Can a property appraisers and assessor afford a 2BR apartment alone in Pennsylvania?

It’s a stretch — at the median salary of $58K, rent takes 34.6% of take-home pay. A 2-bedroom at the HUD Fair Market Rent runs $1,351/month. The 30% guideline puts the comfortable ceiling at roughly $1,200/month in rent — so roommates or a 1-bedroom would ease the math significantly.

What’s the entry-level salary for property appraisers and assessors in Pennsylvania?

The 10th-percentile wage — what new property appraisers and assessors typically earn — is $39K/year. Take-home on that works out to about $2,329/month. At HUD’s $1,351/month FMR, rent would take 58% of that take-home — above the 30% guideline, so a 1-bedroom or shared housing is likely necessary starting out.
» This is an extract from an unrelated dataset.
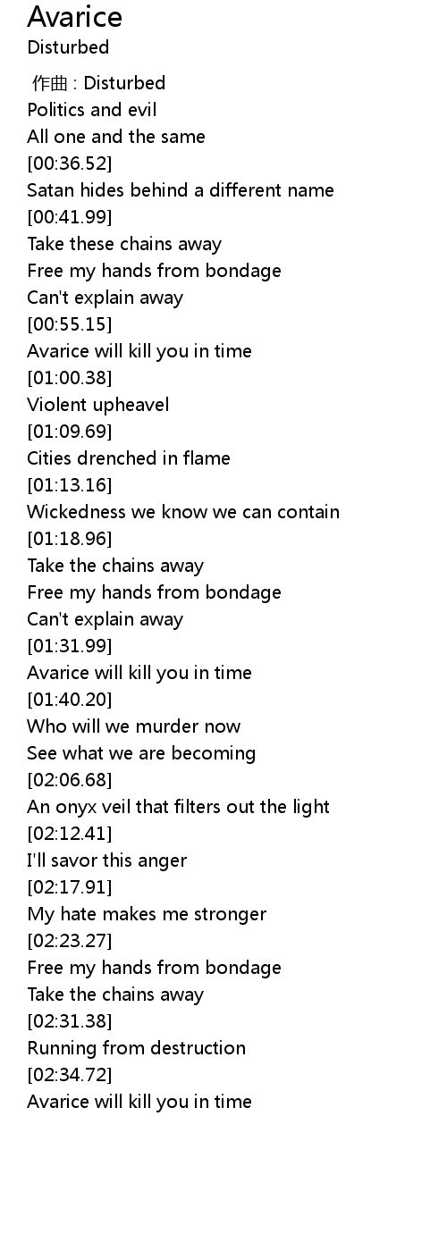 | [02:35.48] | Avarice will kill you in time |

Is property appraisers and assessor a high-paying job in Pennsylvania?

Local pay runs 15% below the national median — $58K here vs. $68K nationally. Cost of living is 5% below the national average, which narrows that gap in real purchasing power.

How does Pennsylvania compare to the national average for property appraisers and assessors?

Pennsylvania pays $58K median vs. the U.S. average of $68K — that’s -15%. After adjusting for local cost of living (RPP 94.97), the purchasing-power equivalent is $61K — below the national median.

How much do property appraisers and assessors make in Pennsylvania?

The median is $57,920 a year, that works out to about $28 an hour. But the range is wide: entry-level workers start around $38,810, and experienced property appraisers and assessors can clear $96,130. These are BLS numbers, based on employer-reported data, not self-reported surveys.

Is $58K enough to live in Pennsylvania?

On that salary, you'd take home roughly $3,900/month after taxes. A 2-bedroom here rents for about $1,351/month, which eats 34.6% of your paycheck. That's above the 30% rule of thumb, housing will be a stretch at the median salary, though you can manage with roommates or a smaller place.

How far does a property appraisers and assessors salary go in Pennsylvania?

Pennsylvania has a Regional Price Parity of 94.97 (100 is the national average). That's below average, your money stretches further here than the raw salary number suggests. After cost-of-living adjustment, the median property appraisers and assessors salary is worth about $60,988 in national-average purchasing power.

Where do property appraisers and assessors get paid the most?

The table above ranks every state by median pay for this role. Keep in mind that the highest-paying states tend to have the highest costs of living, so the top salary doesn't always mean the most money in your pocket.